After I iterate through the entire string, if I need exactly zero right braces. then the string is valid!

def check_valid_002(input):
    left = 0
    need_right = 0

    lp = '('
    rp = ')'
    asterisk = '*'

    for c in input:

        if c is lp:
            left = left + 1
            need_right = need_right + 1
        elif c is rp:
            left = left - 1
            need_right = need_right - 1
        elif c is asterisk:
            need_right = need_right - 1

        if left < 0:
            return False

    if need_right == 0:
        return True

    return False

With this new version, the follow string works:

(*

but, if we just add one more asterisk, it would stop working:

(**

since now “need_right” would be negative one at the end.

A way to resolve this is to keep need_right at least zero during each iteration:

need_right = max(need_right, 0)

But then this string is still invalid:

*)

since in this case “left” would become negative one, and we have the condition:

if left < 0:
    return False

We can’t remove this condition, because then strings like “())” would become valid…

So we have to go back to “*)”, in this case * clearly stands for a left parenthesis, so it seems like what we are missing is incrementing “left”:

elif c is asterisk:
    left = left + 1
    need_right = need_right - 1

putting all of the above together we have our final solution!
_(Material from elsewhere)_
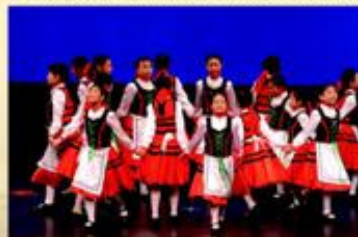
舞蹈組同學在舞蹈節上表演奧地利舞，並獲得甲級獎。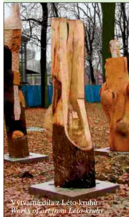
Výtvarná díla z Léto-kruhů Works of art from Léto-kruhy

The Cholera Chapel commemorates the disease epidemic which killed almost two hundred people in Starý Bohumín in 1831. Občanské sdružení Maryška (the

def check_valid_final(input):
    left = 0
    need_right = 0

    lp = '('
    rp = ')'
    asterisk = '*'

    for c in input:

        if c is lp:
            left = left + 1
            need_right = need_right + 1
        elif c is rp:
            left = left - 1
            need_right = need_right - 1
        elif c is asterisk:
            left = left + 1
            need_right = need_right - 1

        need_right = max(need_right, 0)

        if left < 0:
            return False

    if need_right == 0:
        return True

    return False


def test(validator):

    inputs = [
        '())', '(())', '()()', '(()', '(()())',
        '*', '**', '(*', '*)',
        '(**', '**)', '*()', '((*'
    ]

    for input in inputs:
        print(f'test {input} valid: {validator(input)}')

# print('test 001')
# test(check_valid_001)

# print('test 002')
# test(check_valid_002)

print('test final')
test(check_valid_final)

Plus a unit test for bonus points!